The market reckons there could still be a counter offer from someone (the odd one from a partly-owned subsidiary of FKP seems to have died a natural death) offering more than the new price of $1.80 a share ($1.77 cash and 3c a share dividend if accepted by September 30) revealed on Monday by Stockland.
The market pushed Aevum shares up 4%, or 7c to $1.805 at the close on Tuesday and they closed unchanged yesterday after the company’s board issued a new letter to shareholders.
That letter contained another hint that the company is talking to other groups.
"While there can be no certainty of outcome, as previously advised, preliminary discussions are taking place with a number of other parties that may lead to a superior offer, the letter said.
"Aevum will continue to progress those discussions and keep shareholders informed on any material developments as appropriate.
"Aevum shareholders should note that by declaring its offer unconditional and final, Stockland is not able to walk away from its offer or increase its offer price.
"This means that you have the option to accept Stockland’s increased offer up until the close of its offer on 30 September 2010 (or any later date if the offer period is extended).
"If a superior offer for Aevum emerges before the close of Stockland’s offer, you will not be able to accept the superior offer if you have already accepted Stockland’s offer.
"You can rest assured that your Board is working hard to ensure that all options are properly considered and is mindful of the need to update shareholders sufficiently prior to the current scheduled close date of 30 September 2010," the letter added.
The small premium to the offer price of half a cent is a sign that a hedge fund or other punters are keeping the price a touch higher than the offer in the hope of a higher counterbid emerging.
It has already worked with the original $1.50 a share offer overbid and never seemed to weaken as the Aevum board and consistently rejected the Stockland offer.
The Aevum share price was sitting at $1.70 in late August, so the market had been confident for a while that Stockland would have to offer more, which they have now done. But no more.
Stockland said this week that Aevum shareholders who accept Stockland’s increased Offer before 30 September 2010 will now receive a cash payment of $1.80 per share, which will be made within three business days of receipt of their acceptance.
The total value of $1.80 per share comprises an increased Offer price of $1.77 per share, plus the value of Aevum’s three cent final dividend.
The offer will close at 7.00pm (Sydney time) on 30 September 2010, unless extended.
But now the game has changed with Stockland declaring its higher bid unconditional and final, and the repeated suggestion of other interest parties according to the Aevum board.
Final bid are just that, no more price rises are allowed.
The AMP did that in its stalking of AXA AP, and it backfired.
Now commentators are wondering if it could frustrate Stockland.

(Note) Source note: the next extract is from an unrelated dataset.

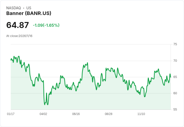近期Banner(BANR)的股價表現混合,昨日下降1.7%,過去30天也下跌了3.16%。目前股價為64.87美元,而其三年總股東回報率為12.09%,五年則高達47.87%。這樣的資料顯示,最近的股價動能似乎冷卻,相較於長期增長而言。

But the respective sizes of the two deals (AXA and AMP over $13 billion) and the Aevum bid at just over $300 million, means there’s not much at stake in reality for Stockland.
Stockland is unlikely to reach the 90% shareholding required for compulsory acquisition.

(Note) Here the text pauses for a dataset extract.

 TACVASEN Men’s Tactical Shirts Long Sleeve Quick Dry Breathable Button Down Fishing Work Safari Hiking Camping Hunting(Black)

It has made it clear that it is prepared to sit and wait with a minority stake.
Doing that will keep the share price around the $1.80 mark as punters speculate on a mop up offer in six months or so time, or a deal with the Aevum board and a higher price to wrap it all up.
Aevum’s board and small shareholders now know that it’s a case of a bird in the hand versus and unknown one or two in bush, especially if the board can’t quickly get a believeable counter offer on the table.